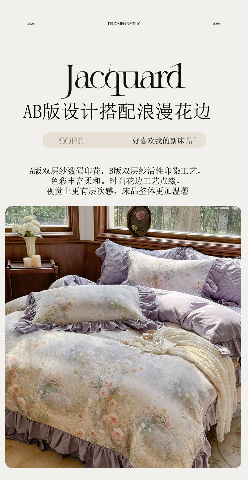(总)胜权家纺 2025秋冬新款全棉法式13372数码印花夹棉床盖四件套系列,花非花粉,花非花绿,花海绿,锦绣繁华粉,锦绣繁华绿,妙颜粉
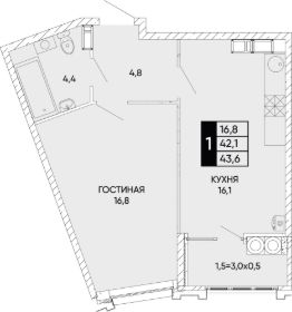 Общая площадь43,6 м²
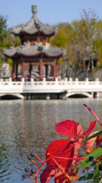连;造型各异的桥横架两岸;弯曲迥异的长廊将水池亭榭、楼台馆阁串连一体。
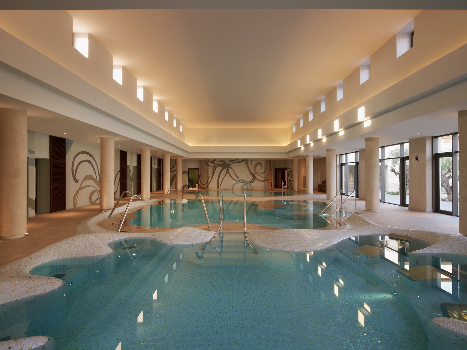 vaste ‘Anazoe Spa’ (4000 m²) : 21 salles de soins (à l'intérieur et à l'extérieur, les massages dans les oliveraies sont uniques), thalassothérapie avec piscines, grotte de glace, saunas, manucure, pédicure, massages et soins de beauté
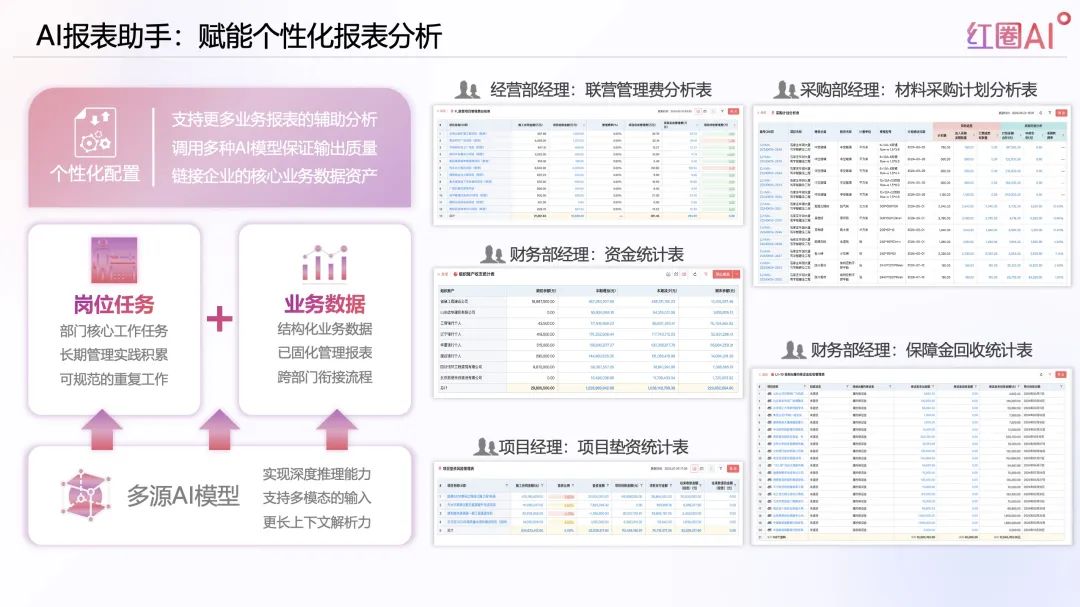 AI報表助手與紅圈系統的核心業務數據深度集成,確保數據分析的準確性和及時性。

**Work to complete**
Leave out the images and write out the listing above exactly.

**Reply to the exercise**
(总)胜权家纺 2025秋冬新款全棉法式13372数码印花夹棉床盖四件套系列,花非花粉,花非花绿,花海绿,锦绣繁华粉,锦绣繁华绿,妙颜粉
 Общая площадь43,6 м²
连;造型各异的桥横架两岸;弯曲迥异的长廊将水池亭榭、楼台馆阁串连一体。
 vaste ‘Anazoe Spa’ (4000 m²) : 21 salles de soins (à l'intérieur et à l'extérieur, les massages dans les oliveraies sont uniques), thalassothérapie avec piscines, grotte de glace, saunas, manucure, pédicure, massages et soins de beauté
 AI報表助手與紅圈系統的核心業務數據深度集成,確保數據分析的準確性和及時性。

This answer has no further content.